Creating a Nested (Chained) Queue in Celery

If you’re building any type of application, chances are you have background tasks that need to be run periodically. Although there a lot of task queues out there, my personal favorite is Celery mainly because it’s simple to configure yet very powerful in its feature set.

One of the challenges we faced when building our queue was getting it to work as efficiently as possible with our MongoDB datastore. The embedded nature of Mongo’s BSON structure allows different documents to have various levels of nesting with any number of child elements.

Take for example, a collection named users (where each document is one user), and each user has a list of Twitter accounts and the latest 20 tweets from each. A simple queue would just process one user at a time, but that may create some problems if certain users have only 1 or 2 Twitter accounts and some have 20 or 30. To resolve this, you need to implement a nested (more like chained since new tasks get added to the end) task queue.

Note that this is a situation unique to NoSQL datastores. In MySQL you could simply update your table of Twitter accounts without having to directly reference an individual user.

Install Celery

If you haven’t already, go ahead and install celery using pip:

$ pip install celery

Set up Tasks and Celeryconfig

Go ahead and create a directory for your celery files and cd into it:

$ mkdir /home/myapp/celery && cd /home/myapp/celery

Create a tasks.py file:

# Register Celery
from celery import Celery
celery = Celery('tasks', broker='amqp://guest@localhost//')
# I’m using RabbitMQ as a broker, but there are other options: https://docs.celeryq.dev/en/latest/getting-started/first-steps-with-celery.html#choosing-a-broker

from celery.decorators import task

@task
def initiateUpdate():
    """
    This is the main function that will be called periodically.

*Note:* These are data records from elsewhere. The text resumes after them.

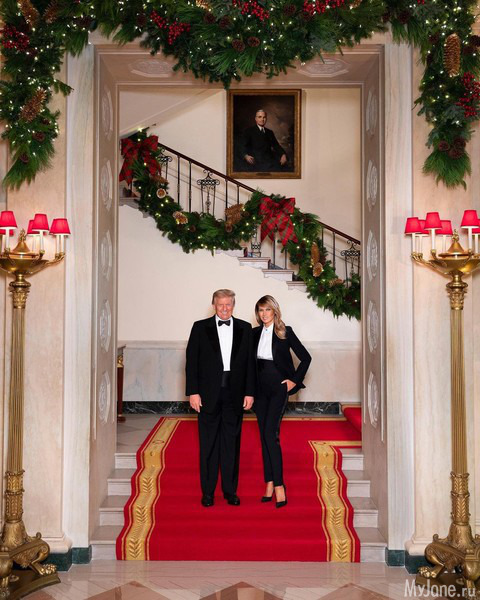 Все-таки Дональд с Меланией решили уйти эффектно – ради праздничного фото они даже облачились в одинаковые наряды! Супруги сфотографировались на красной дорожке в эффектных смокингах!
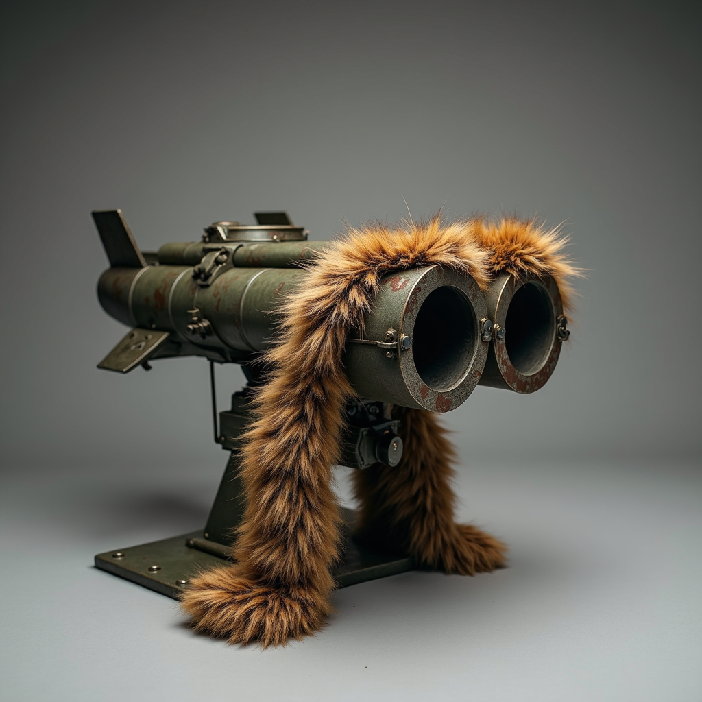 A captivating photograph of an art piece featuring an antitank rocket launcher adorned with leopard fur. The imposing BGM 71 TOW missile launcher is transformed into a striking artistic creation, blending tough metal with soft animal skin. Displayed in a professional photography studio, the setup utilizes a neutral grey background to highlight the launcher. The composition offers a compelling contrast between the rigid form of the weapon and the delicate texture of the fur. Illuminated with professional studio lighting including softbox and subtle bokeh effects, the camera captures the scene from a 45-degree angle in a close-up shot. Using a 35mm lens with ISO 100, low shutter speed, and aperture set at f4, the image exemplifies high-quality digital photography suitable for a premium stock photo.
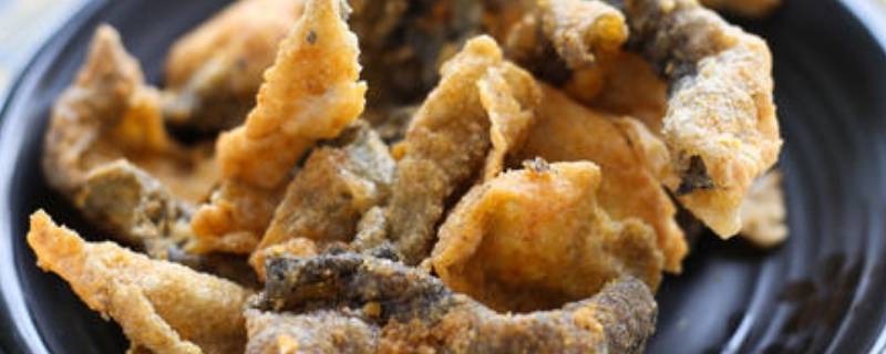 将腌制好的鱼皮裹上淀粉和蛋黄。

It goes through all the users and uses updateTwitterAccount to individually update each Twitter account.
    """
    for user in list_of_users:
        for account in user.twitter_accounts:
            updateTwitterAccount.delay(account) # don’t forget to use .delay to add the task to the celery queue

@task
def updateTwitterAccount(account):
    """
    This is the function that is called by initiateUpdate to update individual Twitter accounts
    """
    # do whatever you need to do to update a Twitter account

You’ll also need a celeryconfig.py file:

BROKER_URL = 'amqp://guest@localhost//'
CELERY_RESULT_BACKEND = 'amqp://guest@localhost//'

# We’re going to use celerybeat to call initiateUpdate every 3 hours
from celery.schedules import crontab
CELERYBEAT_SCHEDULE = {
    'update-linked-calendars': {
        'task': 'tasks.initiateUpdate',
        'schedule': crontab(minute=0, hour='*/3') # customize your crontab: https://docs.celeryq.dev/en/latest/userguide/periodic-tasks.html#crontab-schedules
    },
}

CELERY_IMPORTS = ('tasks',)

With that, you should have all the files you’ll need to run celery and celerybeat from command line. However, it makes much more sense to set up celeryd and celerybeat as a daemon.

Just to clarify for those of you not too familiar with celery: celerybeat is similar to cron but only adds tasks to a queue at periodic intervals; you must run celeryd along with it to process all the tasks sent by celerybeat.

Daemonize Celery (Optional)

Celery does not daemonize itself by default so you need to manually add the scripts.

$ cd /etc/default

Create two files called celeryd and celerybeat. The source for these files can be found here and here.

You’ll also need to add config files for the daemon.

/etc/default/celeryd:

# Name of nodes to start (here we have a single node)
CELERYD_NODES="w1"
# our you could have 3 codes:
# CELERYD_NODES="w1 w2 w3"

# Where to chdir at start.
CELERYD_CHDIR="/home/myapp/celery/"

# Extra arguments to celeryd
CELERYD_OPTS="--time-limit=300 --concurrency=8"

# Name of the celery config module.
CELERY_CONFIG_MODULE="celeryconfig"

# %n will be replaced with the nodename.
CELERYD_LOG_FILE="/var/log/celery/%n.log"
CELERYD_PID_FILE="/var/run/celery/%n.pid"

# Workers should run as an unprivileged user.
CELERYD_USER="user"
CELERYD_GROUP="user"

/etc/default/celerybeat:

# Where to chdir at start.
CELERYBEAT_CHDIR="/home/myapp/celery/"

# Name of the celery config module.
CELERY_CONFIG_MODULE="celeryconfig"

Now, simply start the celeryd and celerybeat daemon with the following command:

$ /etc/init.d/celeryd start
$ /etc/init.d/celerybeat start

There you have it, a simple and easy way for you to run nested background tasks with celery.